Advertisers are beginning to pull their commercials from Fox News star Bill O'Reilly's flagship broadcast as allegations of sexual harassment continue to grow.

Ilya S. Savenok/Getty Images

Fox News Channel is once more under siege, facing several concurrent scandals and legal challenges scattered across different courtrooms, and casting a pall over the network's executive suites.

Fresh and harsh scrutiny cast on star host Bill O'Reilly over allegations that he sexually harassed multiple women has given major corporations pause about associating themselves with the top-rated figure in cable news.

In just the past 48 hours, at least 20 advertisers, including prominent automobile manufacturers, announced they would cancel upcoming ads on his prime-time program or avoid placing future commercials there.

The ouster of chairman Roger Ailes last summer during a sexual harassment scandal was supposed to calm the waters. Yet two new lawsuits involving unrelated charges of sexual and racial discrimination raise serious questions about the decisions of Fox News Co-president Bill Shine and general counsel Dianne Brandi, among other executives.

Each was a long-time Ailes lieutenant. Each survived his forced departure.

Together, they've kept O'Reilly front and center on the network, despite all the payments that O'Reilly, Fox and parent company 21st Century Fox have made over the past dozen years to quell such accusations.

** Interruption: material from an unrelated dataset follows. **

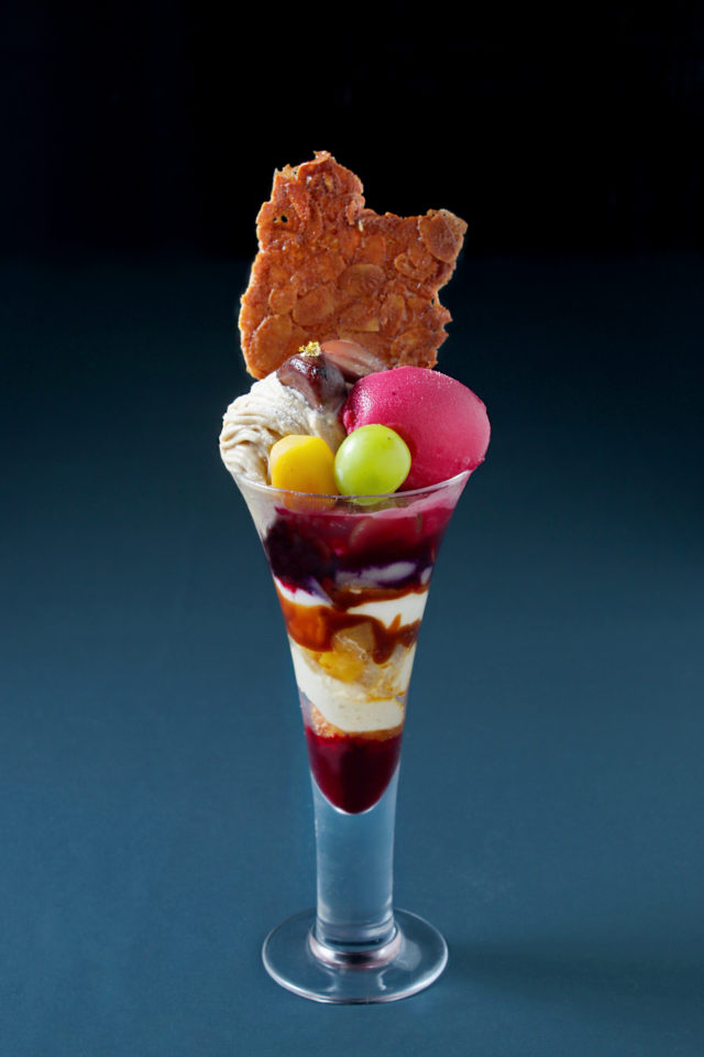 パフェの断面は全部で14層です。カシスソース、栗ムース、キャラメルソース、ラ・フランス、和栗、シャインマスカット、巨峰などを重ねていき、2種類のアイス、頂上にアーモンドチュールを乗せました。絶妙な甘みと酸味のバランスで、このボリュームでも最後までついついスプーンが進むような一品です。

A history of payouts and settlements

The two executives helped to arrange payments made to privately settle past sexual harassment complaints against Roger Ailes. One former Fox News booker was paid $3 million back in 2011, five years before Gretchen Carlson's lawsuit against him exploded publicly. Shine and Brandi said they did not believe her story to be true at the time but later changed their minds as they learned of additional accusations against Ailes.

Some of those past payments by Fox News to women are being investigated by federal prosecutors to see if they were structured to avoid disclosing them to investors in 21st Century Fox, as first disclosed by a lawyer to suspended Fox News host Andrea Tantaros, who is currently suing Ailes and the network.

Brandi, the network's top lawyer, also stands accused of doing nothing after being informed in the fall of 2014 that Judith Slater, then the company's comptroller, had created a racist work environment in a lawsuit filed by three African-American employees of Fox News.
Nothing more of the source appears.